Simulation experiment results
Experimental environment configuration and data set
The operating environment of all the experiments in this paper is MATLAB R2015b under Window7 system, Intel(R) Core(TM) i5-3210M CPU @ 2.50 GHz, and 4GB of memory. In the experimental process of this paper, set the maximum number of iterations = 200, the number of clusters = 3, the fuzzy index m = 2, σ = 0.8. The number of artificial fish = 60, visual = 6, step = 0.4, ɛ = 0.001, ɛ = 0.8. The four algorithms were repeated 50 times and the average of each indicator was calculated.
Clustering effect analysis
In order to verify the effectiveness and advancement of the AFSA-KFCM clustering algorithm, simulation experiments were performed using Iris standard data and Wine datasets from the UCI machine learning database (http://archive.ics.uci.edu/ml/datasets/). The UCI database is a database for machine learning proposed by the University of California Irvine, which currently has 335 datasets.

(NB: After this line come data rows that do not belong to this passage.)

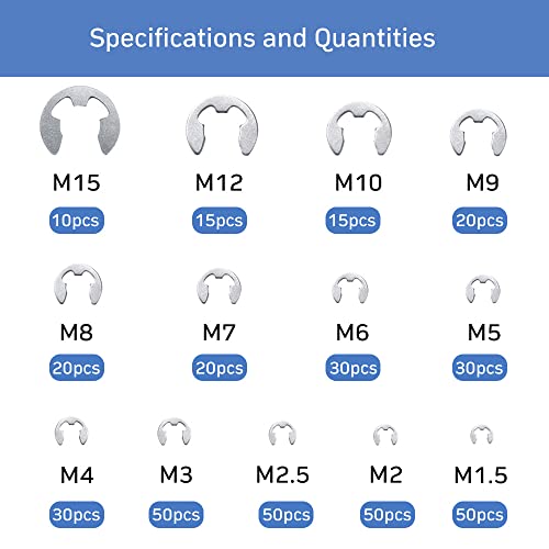 VooGenzek 390 Pezzi Rondelle di Sicurezza per Alberi Set, Anello di Sicurezza con Apertura a Scatto, Anello di Fissaggio a Clip in Acciaio Inox, 13 Taglie M1.5/2/2.5/3/4/5/6/7/8/9/10/12/15 con Scatola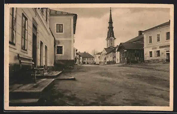 AK Ulrichsberg /O.-Ö., Strassenpartie mit Blick zur Kirche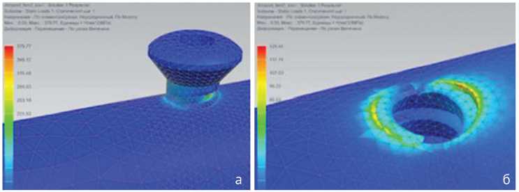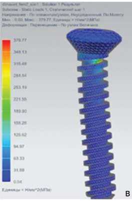 Анализ НДС модели пары винт – кость проводили для выявления механизмов возникновения нестабильности винта, приводящих к развитию осложнений остеосинтеза. Изучение полей напряжения при взаимодействии винта с костью при тангенциальной и осевой нагрузке показало, что наибольшая концентрация напряжений в винте возникала около его головки, к которой прикладывается срезывающая сила от пластины (рис. 6). В кости наибольшая концентрация напряжений возникала в районе максимальных напряжений в винте, а именно на входе винта в кость.

A comparative analysis of FCM [12], KFCM [20], GA-KFCM [14] and AFSA-KFCM was performed on the Iris dataset and the Wine dataset. The parameters of the two sets of experimental data sets are shown in Table 1. The clustering accuracy and running time of the four algorithms on different data sets are shown in Tables 2 and 3, respectively.
It can be seen from Tables 2 and 3 that the clustering effect of the FCM algorithm and the KFCM algorithm is relatively poor due to the greater sensitivity to the initial value. The GA-FCM algorithm utilizes the advantages of the group intelligence optimization algorithm to improve the local search ability, optimize the clustering effect, and improve the accuracy. The AFSA-KFCM algorithm is significantly higher than the FCM, KFCM, and GA-FCM algorithms in clustering accuracy. Due to the addition of the kernel function and the optimization of the AFSA algorithm, the time consumption of the AFSA-KFCM algorithm is slightly higher than that of the FCM and KFCM algorithms, but the time to achieve clustering is reduced compared with the GA-FCM algorithm.
All parameters of the 2 experimental datasets
All parameters of the 2 experimental datasets
Experimental results on the Iris dataset
Experimental results on the Wine dataset
The intrusion detection experiment used the KDDCup 99 dataset [21], which collected 9 weeks of raw network connection data, including a total of 4 attack types (DOS, Probing, R2 L, and U2 R). The performance of the intrusion detection algorithm mainly uses the detection rate (DR). Through this indicator, the detection effect of the algorithm can be well measured.
The intrusion detection rates of the four algorithms for the four attack types are shown in Fig. 2(a), Fig. 2(b), Fig. 2(c), and Fig. 2(d), respectively. It can be seen that the AFSA-KFCM clustering algorithm proposed in this paper has the highest detection rate results for DoS, U2R and Probe, especially DoS. This is because the kernel function is introduced into the FCM clustering analysis, and the nonlinear mapping is used to improve the adaptability to multiple data types. At the same time, the problem of KFCM falling into local minimum is solved by AFSA.

Intrusion Detection Rate for 4 Attack Types.
This paper proposes an AFSA-KFCM clustering algorithm and its application in network intrusion detection. The kernel function is used to change the distance function in the traditional semi-supervised FCM clustering algorithm to define a new objective function. AFSA is used to improve the KFCM’s sensitivity to the initial clustering center and easy to fall into local extremum, thus improving the convergence speed and improving the classification effect. The test results in the UCI public data set verify the accuracy and efficiency of the AFSA-KFCM clustering algorithm. At the same time, a higher detection rate is obtained in the KDDCUP99 intrusion detection data set.